Source Code Deployment CosyVoice Official Project

> Deployment uses conda, which is also strongly recommended, otherwise installation may fail, and many problems will be encountered. Some dependencies cannot be successfully installed using pip on Windows, such as pynini

1. Download and install miniconda

Miniconda is a conda management software. It is easy to install on Windows, just like ordinary software, you can complete it by clicking next all the way.

Download address https://docs.anaconda.com/miniconda/

After downloading, double-click the exe file,

The only thing to note is that in the following interface, you need to select the top two checkboxes, otherwise the subsequent operation will be a little troublesome. The second box means "Add conda commands to system environment variables". If it is not selected, you will not be able to directly use the conda short command.
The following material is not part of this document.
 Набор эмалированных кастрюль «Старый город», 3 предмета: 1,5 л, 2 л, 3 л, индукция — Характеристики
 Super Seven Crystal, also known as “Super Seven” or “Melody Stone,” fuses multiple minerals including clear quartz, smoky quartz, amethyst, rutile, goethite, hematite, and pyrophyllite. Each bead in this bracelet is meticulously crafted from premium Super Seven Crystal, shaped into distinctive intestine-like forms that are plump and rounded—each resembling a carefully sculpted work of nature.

Then click "install" and wait until it is completed before closing.

2. Download CosyVoice source code

First create an empty directory, for example, create a folder D:/py on the D drive, and the following will be explained using this as an example.
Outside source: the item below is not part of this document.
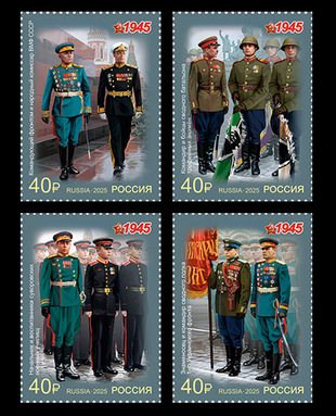 Россия 2025 год. Серия «К 80-летию Победы в ВОВ 1941–1945 гг. Военная форма участников парада Победы 1945 г.», 4 марки (ном. 40 р.)

Open the CosyVoice open-source address https://github.com/FunAudioLLM/CosyVoice

After downloading and decompressing, copy all files in the CosyVoice-main directory to D:/py.
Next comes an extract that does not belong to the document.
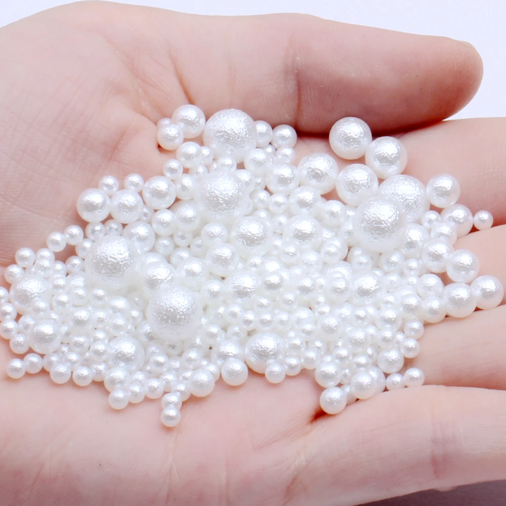 Смешанные размеры 400 шт белый цвет без отверстия морщин жемчуг круглый имитация бисера идеально подходит для дизайна свадебной одежды DIY чехол для телефона

3. Create a virtual environment and activate it

Enter the D:/py folder, enter cmd in the address bar, and press Enter. A cmd black window will open.

In this window, enter the command conda create -n cosyvoice python=3.10 and press Enter. This creates a virtual environment named "cosyvoice" with a python version of "3.10".

Continue to enter the command conda activate cosyvoice and press Enter to activate this virtual environment. Only after activation can installation, startup, and other operations be continued; otherwise, errors will inevitably occur.

The activation mark is that the "(cosyvoice)" character is added at the beginning of the command line.

4. Install the pynini module

This module can only be installed using the conda command on Windows. This is also the reason why conda is recommended for Windows at the beginning.

Continue to enter the command conda install -y -c conda-forge pynini==2.1.5 WeTextProcessing==1.0.3 in the cmd window that has been opened and activated above, and press Enter.

Note: A prompt will appear during installation that requires confirmation. At this time, enter y and press Enter, as shown below.

5. Install other series of dependencies, using Alibaba Cloud mirror

> Open the requirements.txt file and delete the last line WeTextProcessing==1.0.3, otherwise the installation will definitely fail because this module depends on pynini, and pynini cannot be installed under pip on Windows. > > Then add 3 lines Matcha-TTS flask and waitress to requirements.txt. >

Continue to enter the command

pip install -r requirements.txt -i https://mirrors.aliyun.com/pypi/simple/ --trusted-host=mirrors.aliyun.com

and press Enter. After a long wait, it will be installed successfully without any accidents.

6. Download the api.py file and place it in the project.

Go to this address https://github.com/jianchang512/cosyvoice-api/blob/main/api.py to download the api.py file. After downloading, place it together with webui.py.

image.png

image.png

Start the API Service

> The API address is: http://127.0.0.1:9233

Enter the command and press Enter to execute python api.py